Modarresi, Ghosh, Srinivas, and Kristensen are combinable for the same rationale as set forth above with respect to claim 14.
Claim 18 is rejected under 35 U.S.C. 103 as being unpatentable over Modarresi, in view of Ghosh, Srinivas, and further in view of Jaipuria et al. (NPL: "Deflating Dataset Bias Using Synthetic Data Augmentation", hereinafter 'Jaipuria').
Regarding claim 18, Modarresi, as modified by Ghosh and Srinivas, teaches The method of claim 1.
Modarresi, as modified by Ghosh and Srinivas, fails to teach wherein the synthetic images are generated and promoted to the production neural network based on a bias and a non-bias in the neural network training dataset.
Jaipuria teaches wherein the synthetic images are generated and promoted to the production neural network based on a bias and a non-bias in the neural network training dataset ([3.1. Revisiting “Name That Dataset”, pg. 3] We chose to apply synthetic images are generated and promoted to the production neural network data augmentation to only these two datasets as they are also used for the lane detection experiments in Section 5 with readily available sim2real data on hand. Fig. 1 compares the confusion matrices of the two classifiers, with and without synthetic data augmentation. Here, the labels 1, 2, 3, 4 and 5 denote the ApolloScape, BDD100K, CULane, Mapillary and TuSimple datasets respectively. Consistent with the motivating hypothesis H, synthetic data augmentation diffuses the strength of the diagonal indicating deflated dataset bias.; [6.2. Experiment Details, pg. 7] As with the other tasks, we train the task network with different percentages of simulated (A + S) and sim2real (A + G) data, starting from 0% to 100% and test on KITTI sequences that were not seen during training (B). We use the based on a bias and a non-bias in the neural network training dataset Root Mean Squared Error (RMSE) metric to determine the performance of the network trained on a particular sim/real or sim2real/real mix, after limiting maximum depth to 100m. We provide detailed RMSE results in Figure 9. We also tested this task based on accuracy of depth estimation, measured as the ratio of correctly estimated depth pixels to the total number of depth pixels. These results are summarized, along with RMSE in Table 3 and more detailed results for accuracy are provided in the Supplementary Material. RMSE and accuracy are common metrics used in prior work on single image depth [6]. A lower value of RMSE indicates better performance while the same is true for a higher value for accuracy.).

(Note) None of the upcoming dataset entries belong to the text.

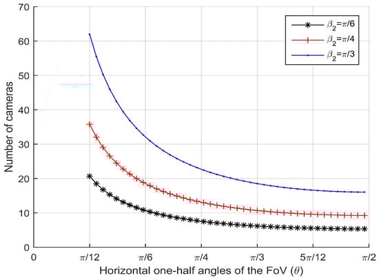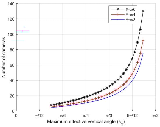 Next we evaluate the number of camera sensors per 100 m needed for coverage with respect to the maximum effective vertical angle given the horizontal one-half angles of FoV , and . By comparing the three curves in Figure 8, it can be seen that as the maximum effective vertical angle becomes larger, the number of camera sensors needed is also increased. However, since the existing of the effective vertical angle cannot be 0, the number of camera sensors will obtain the minimum value when the maximum effective vertical angle approaches to the minimum effective vertical angle .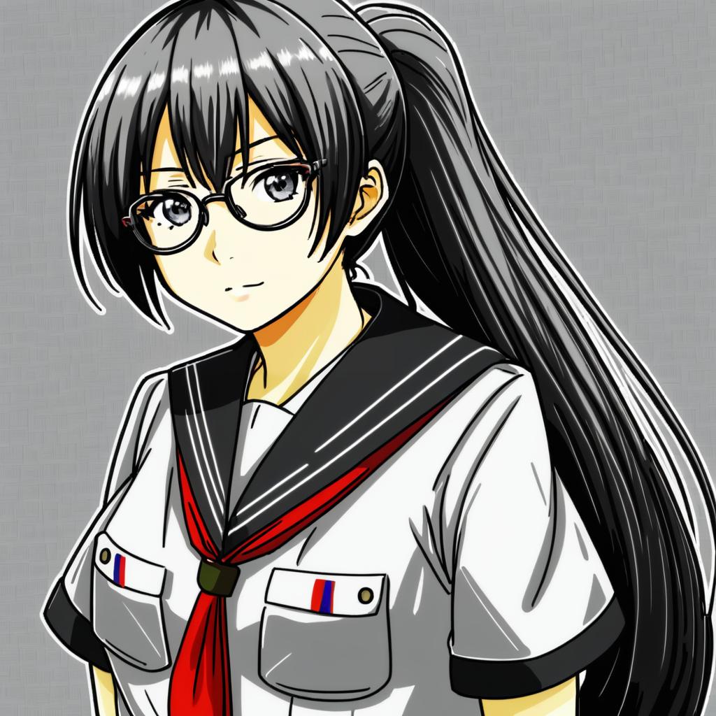 Digital illustration of an anime-style girl with very long black hair tied in a ponytail, wearing glasses and a traditional Japanese school uniform (serafuku) featuring a black collar and red scarf. She has grey eyes and asymmetrical bangs, depicted in a clean anime art style inspired by Kantai Collection characters.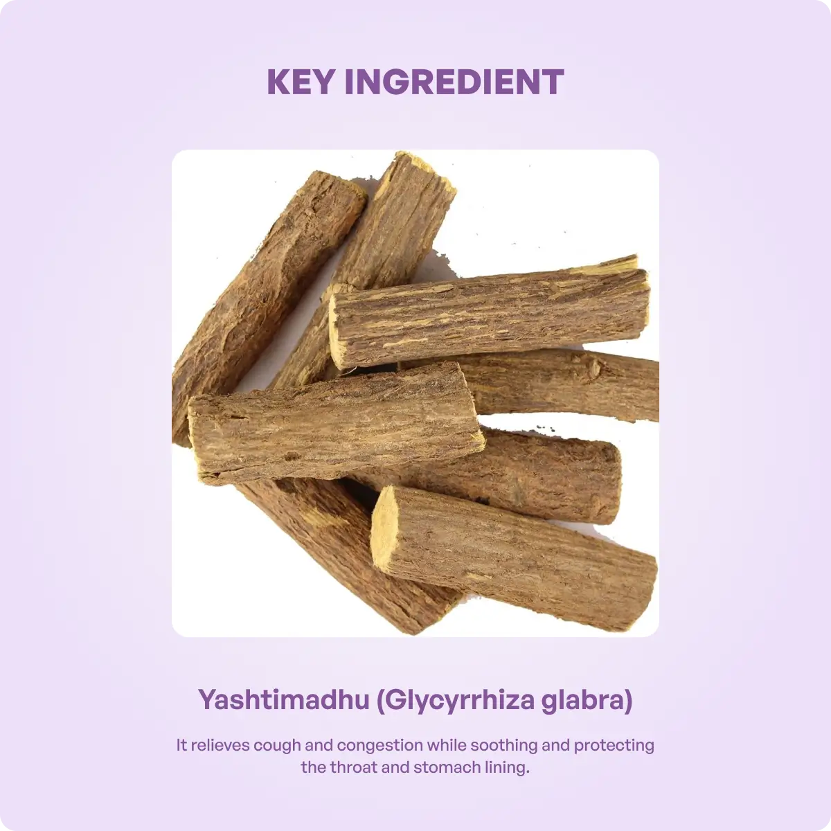 Yashtimadhu has natural demulcent properties that coat and soothe the throat, reducing irritation and cough.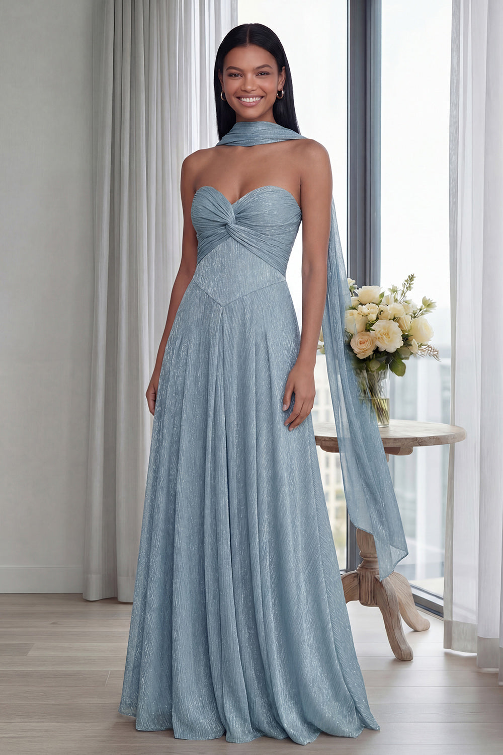Strapless Sky Blue Ruched A Line Formal Dress

Modarresi, Ghosh, Srinivas, and Jaipuria are considered to be analogous to the claimed invention because they are in the same field of machine learning. In view of the teachings of Modarresi, Ghosh, and Srinivas, it would have been obvious for a person of ordinary skill in the art to apply the teachings of Jaipuria to Modarresi before the effective filing date of the claimed invention in order to combine the benefits of gaming engine simulations and sim2real style transfer techniques for filling gaps in real datasets for vision tasks (cf. Jaipuria, [Abstract, pg. 1] The goal of this paper is to investigate the use of targeted synthetic data augmentation - combining the benefits of gaming engine simulations and sim2real style transfer techniques - for filling gaps in real datasets for vision tasks. Empirical studies on three different computer vision tasks of practical use to AVs - parking slot detection, lane detection and monocular depth estimation - consistently show that having synthetic data in the training mix provides a significant boost in cross-dataset generalization performance as compared to training on real data only, for the same size of the training set.).
Claims 20-24, 29-30 are rejected under 35 U.S.C. 103 as being unpatentable over Modarresi, in view of Ghosh, Srinivas, and further in view of Wilf et al. (U.S. Pre-Grant Publication No. 2019/0005359, hereinafter 'Wilf').
Regarding claim 20, Modarresi, as modified by Ghosh and Srinivas, teaches The method of claim 1.
Modarresi, as modified by Ghosh and Srinivas, fails to teach wherein the additional images comprise real images from a specific demographic.
Wilf teaches wherein the additional images comprise real images from a specific demographic ([0030] According to an embodiment of the invention, the process of the face-based personality analysis module may further comprise one or more additional tasks such as: searching for additional images of the subject person by using a name search engine that can be augmented by face recognition by face recognition and analyzing said additional images to enhance the accuracy of predicted personality traits or capabilities.; [0170] Face-based demographic classification (gender, age, ethnicity) is known in prior art. The idea is that improved personality trait/behavior/capability classification may benefit from demographic segmentation. For example, the system additional images comprise real images from a specific demographic collects images of male researchers and female researchers, doing the same with a control group, which in this context may comprise of people that are known not to be researchers. Now we train a classifier for male researcher and one for female researcher (and of course verify during development that we benefit from such segmentation).).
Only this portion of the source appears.